Von Jens
Etzelsberger (aus "Main-Spitze" vom 22. September 2022)
Gut, der
Barbie-Puppe hat Enza Mannino als Kind nicht den Kopf frisiert. Aber auch ohne
dieses letzte biografische Detail kann man mit Fug und Recht von "frühberufen"

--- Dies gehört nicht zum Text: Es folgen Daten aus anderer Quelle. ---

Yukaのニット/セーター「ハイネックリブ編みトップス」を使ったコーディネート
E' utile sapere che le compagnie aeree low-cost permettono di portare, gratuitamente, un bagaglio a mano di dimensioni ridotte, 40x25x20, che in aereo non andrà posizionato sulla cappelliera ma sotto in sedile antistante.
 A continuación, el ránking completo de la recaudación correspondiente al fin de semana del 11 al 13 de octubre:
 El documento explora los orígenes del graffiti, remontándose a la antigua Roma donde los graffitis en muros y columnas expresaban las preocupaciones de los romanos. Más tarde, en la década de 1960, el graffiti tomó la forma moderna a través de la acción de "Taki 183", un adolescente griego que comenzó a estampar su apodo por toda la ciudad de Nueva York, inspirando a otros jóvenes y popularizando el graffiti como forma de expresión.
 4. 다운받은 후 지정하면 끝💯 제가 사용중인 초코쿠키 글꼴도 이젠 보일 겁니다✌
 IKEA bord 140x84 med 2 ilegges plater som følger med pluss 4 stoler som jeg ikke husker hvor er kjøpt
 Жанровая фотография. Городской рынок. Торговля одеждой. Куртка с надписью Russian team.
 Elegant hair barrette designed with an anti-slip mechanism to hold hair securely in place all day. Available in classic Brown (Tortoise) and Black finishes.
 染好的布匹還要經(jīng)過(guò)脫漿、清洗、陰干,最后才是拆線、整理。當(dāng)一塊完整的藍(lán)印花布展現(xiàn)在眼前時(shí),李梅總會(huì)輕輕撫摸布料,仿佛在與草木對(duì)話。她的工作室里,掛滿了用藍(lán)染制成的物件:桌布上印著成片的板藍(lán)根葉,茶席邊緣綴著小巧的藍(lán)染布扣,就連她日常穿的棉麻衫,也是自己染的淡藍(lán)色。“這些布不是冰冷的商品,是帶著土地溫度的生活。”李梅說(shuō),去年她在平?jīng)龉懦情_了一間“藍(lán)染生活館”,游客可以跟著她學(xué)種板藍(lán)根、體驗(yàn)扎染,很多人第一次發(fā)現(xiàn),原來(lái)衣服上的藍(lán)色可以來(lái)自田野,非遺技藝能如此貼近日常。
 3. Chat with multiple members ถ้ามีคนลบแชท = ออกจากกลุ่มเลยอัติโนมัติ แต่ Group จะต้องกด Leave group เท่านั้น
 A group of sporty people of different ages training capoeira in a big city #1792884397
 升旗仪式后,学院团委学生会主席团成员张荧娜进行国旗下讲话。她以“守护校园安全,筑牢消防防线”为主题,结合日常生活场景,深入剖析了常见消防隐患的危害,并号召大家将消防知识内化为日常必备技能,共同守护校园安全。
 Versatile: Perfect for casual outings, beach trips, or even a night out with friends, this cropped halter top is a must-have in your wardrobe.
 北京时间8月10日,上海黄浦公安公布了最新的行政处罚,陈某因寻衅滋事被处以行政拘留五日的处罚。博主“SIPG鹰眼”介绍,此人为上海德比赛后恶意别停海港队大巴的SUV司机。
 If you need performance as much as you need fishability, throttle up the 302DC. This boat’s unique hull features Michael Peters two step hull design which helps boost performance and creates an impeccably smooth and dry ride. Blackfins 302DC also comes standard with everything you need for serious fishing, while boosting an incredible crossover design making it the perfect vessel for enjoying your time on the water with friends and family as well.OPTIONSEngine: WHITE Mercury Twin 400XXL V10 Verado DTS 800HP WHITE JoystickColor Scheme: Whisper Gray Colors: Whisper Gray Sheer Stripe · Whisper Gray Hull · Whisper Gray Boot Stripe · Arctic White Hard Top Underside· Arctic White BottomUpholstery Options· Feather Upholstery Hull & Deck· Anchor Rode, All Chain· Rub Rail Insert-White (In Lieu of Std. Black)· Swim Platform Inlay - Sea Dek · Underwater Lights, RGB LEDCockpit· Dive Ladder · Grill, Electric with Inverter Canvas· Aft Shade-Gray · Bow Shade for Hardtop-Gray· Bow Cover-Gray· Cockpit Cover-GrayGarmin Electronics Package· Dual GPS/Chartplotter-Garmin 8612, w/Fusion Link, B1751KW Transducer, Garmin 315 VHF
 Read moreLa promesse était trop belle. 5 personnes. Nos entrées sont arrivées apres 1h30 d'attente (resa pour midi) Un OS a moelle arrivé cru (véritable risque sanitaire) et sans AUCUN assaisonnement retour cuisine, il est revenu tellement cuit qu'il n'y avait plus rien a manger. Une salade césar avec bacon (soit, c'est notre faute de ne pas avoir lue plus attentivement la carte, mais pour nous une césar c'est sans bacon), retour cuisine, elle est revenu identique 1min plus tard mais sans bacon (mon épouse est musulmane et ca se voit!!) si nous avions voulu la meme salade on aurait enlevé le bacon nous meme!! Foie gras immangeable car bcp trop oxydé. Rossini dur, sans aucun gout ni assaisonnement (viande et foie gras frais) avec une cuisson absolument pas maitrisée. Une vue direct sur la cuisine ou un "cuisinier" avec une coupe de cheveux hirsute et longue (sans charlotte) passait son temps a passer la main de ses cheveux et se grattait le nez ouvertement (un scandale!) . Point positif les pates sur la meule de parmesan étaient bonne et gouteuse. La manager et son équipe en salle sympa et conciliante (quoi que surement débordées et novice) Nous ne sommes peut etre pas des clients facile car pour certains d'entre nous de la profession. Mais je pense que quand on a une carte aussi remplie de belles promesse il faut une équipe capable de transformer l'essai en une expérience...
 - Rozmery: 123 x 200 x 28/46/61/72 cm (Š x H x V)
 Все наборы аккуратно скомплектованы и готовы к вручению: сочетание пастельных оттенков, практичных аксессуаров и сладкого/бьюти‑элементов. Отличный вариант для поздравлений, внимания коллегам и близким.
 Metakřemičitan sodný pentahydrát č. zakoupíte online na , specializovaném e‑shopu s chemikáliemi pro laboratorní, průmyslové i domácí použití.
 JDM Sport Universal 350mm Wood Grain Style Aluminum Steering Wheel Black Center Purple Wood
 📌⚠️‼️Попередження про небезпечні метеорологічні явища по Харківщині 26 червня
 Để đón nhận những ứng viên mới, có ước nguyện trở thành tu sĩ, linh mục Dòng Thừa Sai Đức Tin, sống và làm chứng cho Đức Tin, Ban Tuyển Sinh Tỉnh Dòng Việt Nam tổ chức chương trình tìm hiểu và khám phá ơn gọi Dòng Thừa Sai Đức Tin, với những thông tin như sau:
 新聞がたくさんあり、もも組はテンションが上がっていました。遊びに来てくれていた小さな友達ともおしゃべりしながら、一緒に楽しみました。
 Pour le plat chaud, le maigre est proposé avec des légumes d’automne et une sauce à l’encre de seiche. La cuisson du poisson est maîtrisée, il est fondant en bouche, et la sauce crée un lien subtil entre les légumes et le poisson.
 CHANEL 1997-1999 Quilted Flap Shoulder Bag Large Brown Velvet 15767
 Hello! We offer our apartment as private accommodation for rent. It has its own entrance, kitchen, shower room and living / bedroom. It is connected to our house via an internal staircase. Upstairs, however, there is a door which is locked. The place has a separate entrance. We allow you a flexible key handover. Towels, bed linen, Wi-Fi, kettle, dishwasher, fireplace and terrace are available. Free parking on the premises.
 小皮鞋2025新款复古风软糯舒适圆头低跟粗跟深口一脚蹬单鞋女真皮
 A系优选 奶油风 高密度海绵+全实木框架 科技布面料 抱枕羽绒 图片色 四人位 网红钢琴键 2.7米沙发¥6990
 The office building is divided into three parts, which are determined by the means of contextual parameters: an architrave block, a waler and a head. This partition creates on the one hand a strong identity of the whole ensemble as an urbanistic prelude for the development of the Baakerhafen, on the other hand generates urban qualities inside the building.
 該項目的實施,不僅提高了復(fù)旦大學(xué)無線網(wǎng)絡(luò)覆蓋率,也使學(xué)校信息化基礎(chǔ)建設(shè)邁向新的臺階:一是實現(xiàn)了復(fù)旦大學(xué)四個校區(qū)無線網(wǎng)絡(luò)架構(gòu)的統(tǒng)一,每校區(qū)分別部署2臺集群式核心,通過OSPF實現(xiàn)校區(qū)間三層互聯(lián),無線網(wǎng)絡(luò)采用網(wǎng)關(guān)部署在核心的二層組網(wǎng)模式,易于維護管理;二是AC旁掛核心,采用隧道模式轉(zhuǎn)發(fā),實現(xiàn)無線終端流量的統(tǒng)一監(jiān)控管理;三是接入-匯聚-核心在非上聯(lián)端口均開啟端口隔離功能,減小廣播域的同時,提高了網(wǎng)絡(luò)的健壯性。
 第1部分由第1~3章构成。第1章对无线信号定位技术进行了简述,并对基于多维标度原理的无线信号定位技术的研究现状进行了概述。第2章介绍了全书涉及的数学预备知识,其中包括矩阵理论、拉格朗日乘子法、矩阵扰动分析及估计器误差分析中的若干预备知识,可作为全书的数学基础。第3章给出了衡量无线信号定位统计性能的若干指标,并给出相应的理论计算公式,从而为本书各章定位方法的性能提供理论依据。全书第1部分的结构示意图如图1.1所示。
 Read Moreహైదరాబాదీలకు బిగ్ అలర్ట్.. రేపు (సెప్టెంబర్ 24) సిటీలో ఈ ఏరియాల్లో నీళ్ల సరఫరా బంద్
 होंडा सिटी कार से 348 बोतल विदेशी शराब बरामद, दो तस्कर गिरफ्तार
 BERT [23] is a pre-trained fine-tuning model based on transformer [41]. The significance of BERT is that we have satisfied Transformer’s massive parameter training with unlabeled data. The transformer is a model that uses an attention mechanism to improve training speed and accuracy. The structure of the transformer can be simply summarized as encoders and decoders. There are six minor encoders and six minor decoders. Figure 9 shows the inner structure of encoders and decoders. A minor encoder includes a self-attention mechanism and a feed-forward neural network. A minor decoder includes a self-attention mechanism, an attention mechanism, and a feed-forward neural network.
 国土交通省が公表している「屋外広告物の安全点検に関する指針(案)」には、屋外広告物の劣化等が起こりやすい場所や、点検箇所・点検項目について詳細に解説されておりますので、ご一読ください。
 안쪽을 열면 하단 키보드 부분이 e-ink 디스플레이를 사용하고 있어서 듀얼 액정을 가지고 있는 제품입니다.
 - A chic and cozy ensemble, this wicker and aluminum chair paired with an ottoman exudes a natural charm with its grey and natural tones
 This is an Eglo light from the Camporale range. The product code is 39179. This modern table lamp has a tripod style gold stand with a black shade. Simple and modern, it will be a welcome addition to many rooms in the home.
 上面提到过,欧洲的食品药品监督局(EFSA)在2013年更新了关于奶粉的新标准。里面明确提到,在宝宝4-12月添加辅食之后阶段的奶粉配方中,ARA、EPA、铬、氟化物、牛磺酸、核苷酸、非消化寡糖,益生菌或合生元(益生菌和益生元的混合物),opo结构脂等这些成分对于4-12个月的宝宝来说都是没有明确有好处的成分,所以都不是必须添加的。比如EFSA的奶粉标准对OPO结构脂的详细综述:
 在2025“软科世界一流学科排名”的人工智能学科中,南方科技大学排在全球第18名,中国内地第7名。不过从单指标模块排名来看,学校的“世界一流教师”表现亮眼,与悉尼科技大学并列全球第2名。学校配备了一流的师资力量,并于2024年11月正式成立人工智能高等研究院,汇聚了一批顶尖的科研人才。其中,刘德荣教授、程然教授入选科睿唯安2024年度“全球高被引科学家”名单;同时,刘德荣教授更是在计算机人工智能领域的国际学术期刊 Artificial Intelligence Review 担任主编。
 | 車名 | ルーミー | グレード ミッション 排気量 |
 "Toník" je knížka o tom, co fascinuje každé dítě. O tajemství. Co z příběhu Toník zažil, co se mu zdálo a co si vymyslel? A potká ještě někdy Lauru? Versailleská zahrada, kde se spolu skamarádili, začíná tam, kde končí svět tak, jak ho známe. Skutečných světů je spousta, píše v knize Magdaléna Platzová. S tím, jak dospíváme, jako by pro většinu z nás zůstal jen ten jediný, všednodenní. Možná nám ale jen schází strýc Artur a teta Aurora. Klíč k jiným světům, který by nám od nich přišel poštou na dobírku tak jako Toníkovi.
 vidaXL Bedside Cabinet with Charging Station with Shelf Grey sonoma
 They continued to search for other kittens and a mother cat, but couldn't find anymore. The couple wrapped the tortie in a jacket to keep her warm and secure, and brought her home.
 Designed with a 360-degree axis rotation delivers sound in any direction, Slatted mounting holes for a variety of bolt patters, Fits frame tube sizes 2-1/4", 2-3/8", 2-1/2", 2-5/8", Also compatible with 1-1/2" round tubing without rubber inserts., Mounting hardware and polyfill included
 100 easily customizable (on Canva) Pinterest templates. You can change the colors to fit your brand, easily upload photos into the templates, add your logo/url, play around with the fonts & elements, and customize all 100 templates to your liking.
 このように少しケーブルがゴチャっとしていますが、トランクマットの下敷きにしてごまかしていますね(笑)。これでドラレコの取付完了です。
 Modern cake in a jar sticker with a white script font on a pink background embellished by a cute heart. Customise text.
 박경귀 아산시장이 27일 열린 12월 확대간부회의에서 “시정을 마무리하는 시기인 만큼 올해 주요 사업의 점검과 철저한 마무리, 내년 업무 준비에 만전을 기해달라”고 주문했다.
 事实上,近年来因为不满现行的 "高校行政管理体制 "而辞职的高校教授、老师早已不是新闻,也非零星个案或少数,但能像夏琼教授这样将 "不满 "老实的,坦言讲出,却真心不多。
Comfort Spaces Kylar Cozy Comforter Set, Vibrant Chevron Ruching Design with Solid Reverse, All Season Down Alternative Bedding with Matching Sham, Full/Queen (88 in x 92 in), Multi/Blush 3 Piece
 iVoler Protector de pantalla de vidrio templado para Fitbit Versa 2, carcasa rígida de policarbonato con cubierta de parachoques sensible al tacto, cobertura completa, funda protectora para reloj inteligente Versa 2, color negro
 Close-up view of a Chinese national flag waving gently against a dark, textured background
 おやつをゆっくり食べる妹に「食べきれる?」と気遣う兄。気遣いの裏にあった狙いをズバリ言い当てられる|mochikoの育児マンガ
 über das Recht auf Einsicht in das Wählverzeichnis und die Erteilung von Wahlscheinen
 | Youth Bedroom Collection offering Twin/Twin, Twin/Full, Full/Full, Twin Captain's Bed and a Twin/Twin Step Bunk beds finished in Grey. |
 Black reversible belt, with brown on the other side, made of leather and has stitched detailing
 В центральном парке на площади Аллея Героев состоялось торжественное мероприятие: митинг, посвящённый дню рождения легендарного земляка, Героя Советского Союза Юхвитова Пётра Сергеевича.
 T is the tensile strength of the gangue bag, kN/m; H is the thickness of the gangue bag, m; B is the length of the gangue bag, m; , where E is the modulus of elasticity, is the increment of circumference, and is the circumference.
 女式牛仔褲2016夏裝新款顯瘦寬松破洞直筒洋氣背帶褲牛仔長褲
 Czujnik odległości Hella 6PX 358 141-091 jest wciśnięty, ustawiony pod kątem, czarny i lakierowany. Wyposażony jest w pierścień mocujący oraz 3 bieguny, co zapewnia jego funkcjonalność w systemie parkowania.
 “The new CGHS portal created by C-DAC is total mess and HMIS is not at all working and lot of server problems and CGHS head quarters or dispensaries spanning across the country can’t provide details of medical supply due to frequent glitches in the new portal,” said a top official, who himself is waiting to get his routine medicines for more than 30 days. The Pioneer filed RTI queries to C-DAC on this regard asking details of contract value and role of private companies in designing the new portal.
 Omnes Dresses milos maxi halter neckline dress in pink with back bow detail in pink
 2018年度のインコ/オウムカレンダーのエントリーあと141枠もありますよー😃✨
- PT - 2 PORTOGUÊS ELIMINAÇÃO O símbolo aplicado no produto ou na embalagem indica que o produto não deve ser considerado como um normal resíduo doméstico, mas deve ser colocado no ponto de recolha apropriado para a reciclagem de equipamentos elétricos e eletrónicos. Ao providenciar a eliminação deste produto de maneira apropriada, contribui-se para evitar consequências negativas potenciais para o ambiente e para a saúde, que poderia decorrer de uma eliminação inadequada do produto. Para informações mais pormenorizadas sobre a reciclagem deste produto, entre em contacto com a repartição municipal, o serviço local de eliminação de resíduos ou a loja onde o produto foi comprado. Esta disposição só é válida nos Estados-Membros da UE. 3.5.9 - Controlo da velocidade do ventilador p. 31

sprechen, wenn es um die Liebe der heute 54-Jährigen zu Haaren und dem
Friseurhandwerk geht.
Dabei war es eher
die Not, die Klein-Enza in den Salon eines echten Figaros führte. "Meine Haare
konnte niemand richtig schneiden" erinnert sie sich an ihre Jugend, als die
Friseure an ihren prächtigen Naturlocken verzweifelten, die auch heute noch ihr
Markenzeichen sind. Giovanni di Benedetto, der seinen Salon im Dorint-Hotel
betrieb, kam mit der Lockenpracht zurecht und Klein-Enza war von dem Beruf, der
im besten Fall die Persönlichkeit und den Stil eines Menschen mit dem passenden
Haarschnitt krönen kann, begeistert. So begeistert, dass sie mit 14 Jahren schon
im Salon jobbte, Haare wusch und den Boden fegte, ihren eigentlichen
Berufswunsch Lehrerin drangab, die Schule früh beendete, bei di Benedetto in die
Lehre ging und mit 21 Jahren den Meisterbrief absolvierte.
Die
Selbstständigkeit, die mittlerweile 25 Jahre andauert, war bei so viel
Begeisterung für den Beruf nur folgerichtig. 1997 eröffnete Enza Mannino ihren
ersten eigenen Salon in den Räumen des ehemaligen Kiosks im GPR-Klinikum. Gerade
mal 20 Quadratmeter groß, erschien ihr das Projekt als bewältigbarer Start in
die Selbstständigkeit. Ein Schritt, den sie nie bereut hat. "Die Herausforderung
ist das, was letzten Endes Spaß macht", sagt Enza Mannino. Und gesucht und
gefunden hat sie diese Herausforderungen immer.
2002 wechselt sie
in die Mainstraße, übernimmt den Baumgärtner-Salon. Mit 70 Quadratmetern und
vier Frisierstühlen schon ein Sprung. 2007 übernimmt Enza Mannino auch die
Nachbarräume des Überlandwerks. Ihr Salon ist jetzt 170 Quadratmeter groß, vier
Angestellte und die Chefin kümmern sich um die Haare der Kundschaft, die zu 70
Prozent aus Stammkunden und zu 80 Prozent aus Damen besteht. Enza Mannino freut
sich, wenn man den frisch frisierten Kunden in der Stadt ansieht, dass sie "bei
Enza" waren. "Ich habe es schon ganz gerne, dass wir eine Marke verkörpern",
sagt sie. Dafür tut sie viel. Dauernde Fortbildungen für sie und ihr Team,
reinschnuppern bei den Kollegen in Italien, Frankreich, England und Japan, neue
Trends aufnehmen und der Rüsselsheimer Kundschaft anbieten. Enza Mannino macht
Foliensträhnen und schneidet die Out-of-bed-Frisuren, die Micro-Ponys, die
asymmetrischen Frisuren, aktuell den Street-Style. Was angesagt ist, gibt es
auch bei ihr. Eines ist aber immer gleich geblieben. "Man tritt in die
Intimsphäre des Menschen ein", beschreibt Mannino die körperliche Nähe und
Berührung, die zu dem Job dazugehören. Sensibilität ist da Grundvoraussetzung,
ebenso wie das genaue Kennenlernen des Kunden, bevor Enza Mannino zu ihrer 1.000
Euro teuren Schere greift. Denn geformt wird nicht nur das Haar, sondern eben
auch eine Persönlichkeit. Dass rückblickend jede Epoche auch ihre haarigen
Peinlichkeiten kennt, räumt Enza Mannino durchaus ein. "Es gibt aber nichts, was
ich nicht mehr machen würde", betont sie. Selbst der Minipli für Männer ist
nicht auf ewig tabu. "Seit eineinhalb Jahren machen wir Jungs wieder Locken",
sagt Enza Mannino.
Nur bei einem
Wunsch muss sie noch immer passen. Locken, wie sie selbst sie trägt, kann auch
der beste Friseur nicht zaubern. Man hat sie ‒ oder eben nicht.